August 4th, 2015

Prescription for exercise

Image_001Physical activity is the best treatment for type 2 diabetes. Why not do it in the great outdoors?

Exercise is considered one of the cornerstones of treatment for people living with type 2 diabetes for a host of reasons: it improves the body’s use of insulin, burns excess body fat, improves muscle strength and heart health, increases bone density, lowers blood pressure, relieves stress, lifts one’s mood, and increases energy.

Exercise doesn’t just make you feel better, it also reduces disease, lessens hospitalizations, and can actually help you live longer. A 2012 study of 650,000 people from the U.S.-based Brigham and Women’s Hospital and the National Cancer Institute proved just that. It found that people over 40 who walked briskly for 75 minutes per week lived an extra 1.8 years. That increased to 3.4 years when they walked 150 to 299 minutes per week and to 4.5 years for 450 minutes per week.

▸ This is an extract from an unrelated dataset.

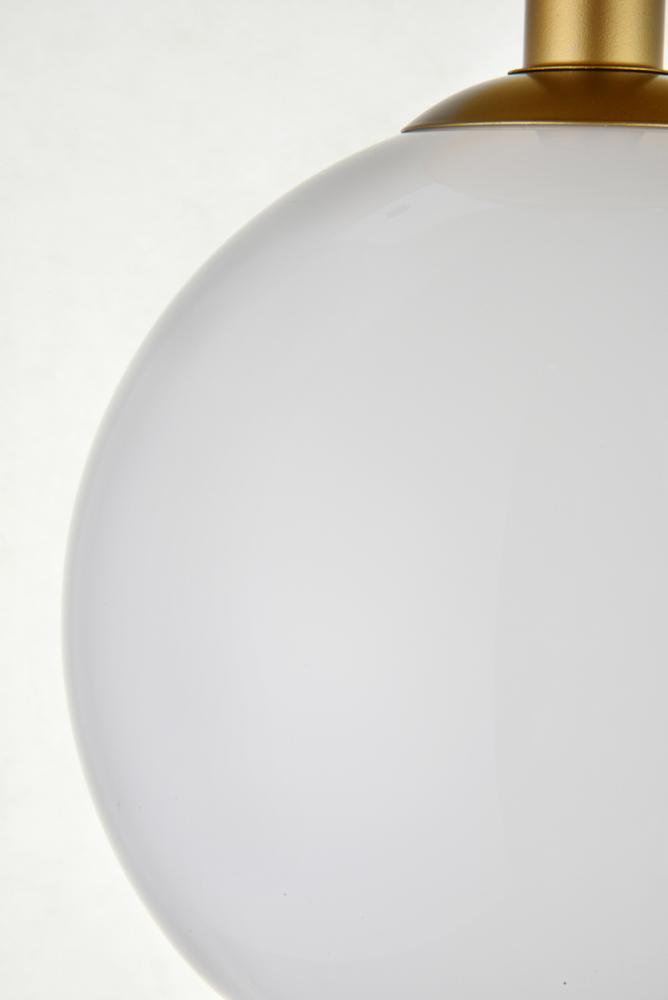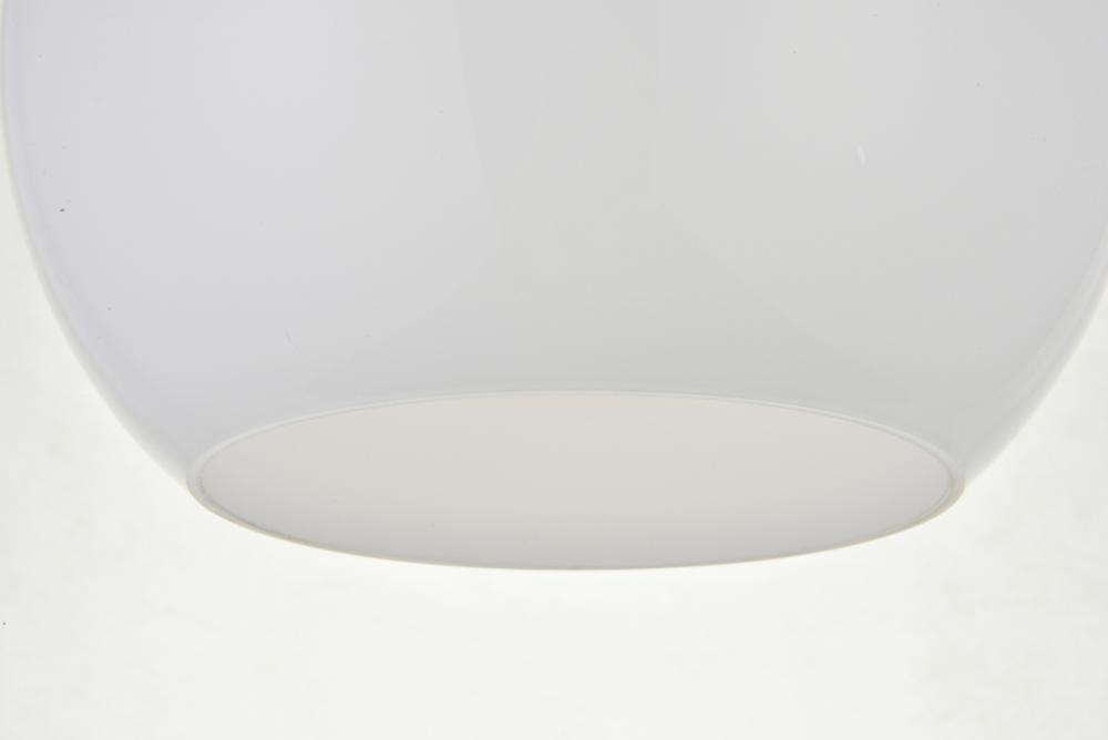 Feature 2: spherical frosted white glass shade with open center for easy bulb replacement

Image_003The Canadian Diabetes Association recommends at least 30 minutes of moderate activity five days a week for a total of 150 minutes of exercise. If you hate the idea of hitting the gym for a workout, there are plenty of other fun— yes, fun!—ways to work in that exercise.

Spring is a time when many people start thinking about kick-starting a new exercise program or ramping up their existing routine. With the onset of warm weather and longer days in the summer, why not consider one or more of these outdoor activities as a way to keep fit?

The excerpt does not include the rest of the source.